Minha irmã sempre diz que nós somos responsáveis pelo o que dissemos, e não pelo o que o outro entendeu. Você consegue imaginar quantos desgastes seriam poupados se fossemos bons entendedores?
Pois é, não importa se a comunicação é oral, sensorial, ou visual, nós sempre vamos absorve-la de acordo com o nosso mundo interior. Como nossa atenção está sempre voltada para nossas carências e necessidades, acabamos por perder o foco.

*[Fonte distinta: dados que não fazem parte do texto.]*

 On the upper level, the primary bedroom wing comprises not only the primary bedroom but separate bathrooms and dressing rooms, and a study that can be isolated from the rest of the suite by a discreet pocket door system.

Engraçado, sempre entendemos a mensagem da forma que melhor nos convém, principalmente quando o recado vem da vida. Quantas vezes a vida diz uma coisa e entendemos outra? Quantas vezes nos deixamos iludir acreditando que desta vez vai dar certo? Nossos sonhos, expectativas, limitações e experiências, são as lentes com as quais vemos o mundo, e dificilmente aceitamos trocar os óculos.

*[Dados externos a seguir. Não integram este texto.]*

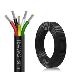 18 Gauge Electrical Wire 5 Conductor, 18AWG 50FT PVC Stranded, 18/5 Low Voltage LED Cable, Flexible Extension Power Cord, Tinned Copper Cable Hookup Wire
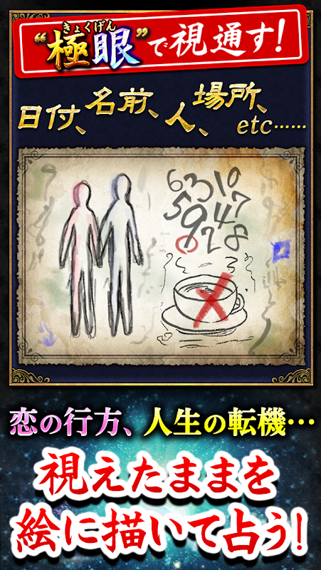 必要なのは名前だけ! 先祖代々受け継がれる“極眼”の力で あなたの結婚相手も恋の行方も暴き尽くす!
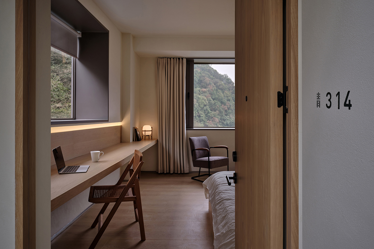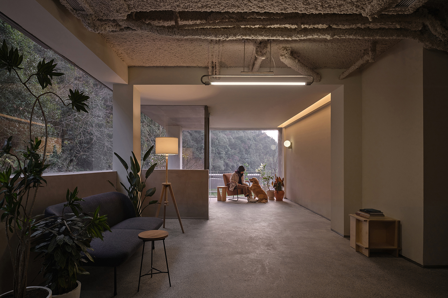 The first floor serves as a shared office space, it provides as many glass curtain walls as possible on the east and west sides to replace the original walls. More variations in light and shadow may take place in this area, and convection and ventilation are able to produce a spatial environment that connects the inside and the outside. On the second and third floors, two leisure spaces close to nature are created at the end of the guest room corridor by opening the wall and ceiling on the south side.

A fome pode ser de pão ou de afeto, pode ser de conhecimento ou de informação, pode ser todas ou nenhuma, só não pode impedir que enxerguemos além das vidraças embaçadas.
Muitas vezes me sinto numa encruzilhada, não sei se escuto meus sentimentos ou os recados que a vida me dá. Eu até poderia evitar frustrações... Mas o que eu faria com os sonhos que alimentam minha alma?

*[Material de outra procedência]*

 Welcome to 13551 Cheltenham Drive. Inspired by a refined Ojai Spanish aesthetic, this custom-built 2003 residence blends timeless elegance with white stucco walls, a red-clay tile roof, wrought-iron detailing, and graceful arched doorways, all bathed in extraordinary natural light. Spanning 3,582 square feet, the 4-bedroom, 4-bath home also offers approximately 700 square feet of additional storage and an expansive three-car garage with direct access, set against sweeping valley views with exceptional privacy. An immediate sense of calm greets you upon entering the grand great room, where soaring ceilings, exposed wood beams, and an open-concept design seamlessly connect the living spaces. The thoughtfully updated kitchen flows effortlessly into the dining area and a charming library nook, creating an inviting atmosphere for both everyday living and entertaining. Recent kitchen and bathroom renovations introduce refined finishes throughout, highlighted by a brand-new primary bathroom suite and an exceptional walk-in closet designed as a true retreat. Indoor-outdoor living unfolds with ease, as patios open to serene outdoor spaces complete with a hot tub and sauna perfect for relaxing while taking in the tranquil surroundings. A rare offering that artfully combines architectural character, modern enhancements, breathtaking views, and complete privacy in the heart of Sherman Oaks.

Não podemos esquecer que quem não sonha com a magia de um voo perde a chance de tocar as estrelas. É por isso que eu não quero perder o meu poder de pássaro.
Sendo assim, entre encontros e desencontros, tombos e tropeços, ilusões e desilusões, a vida vai me mostrando que a lição só termina quanto cumpre seu papel de ensinar. Aprendiz que sou, não me privo de nenhuma lição, mesmo quando preciso repeti-las.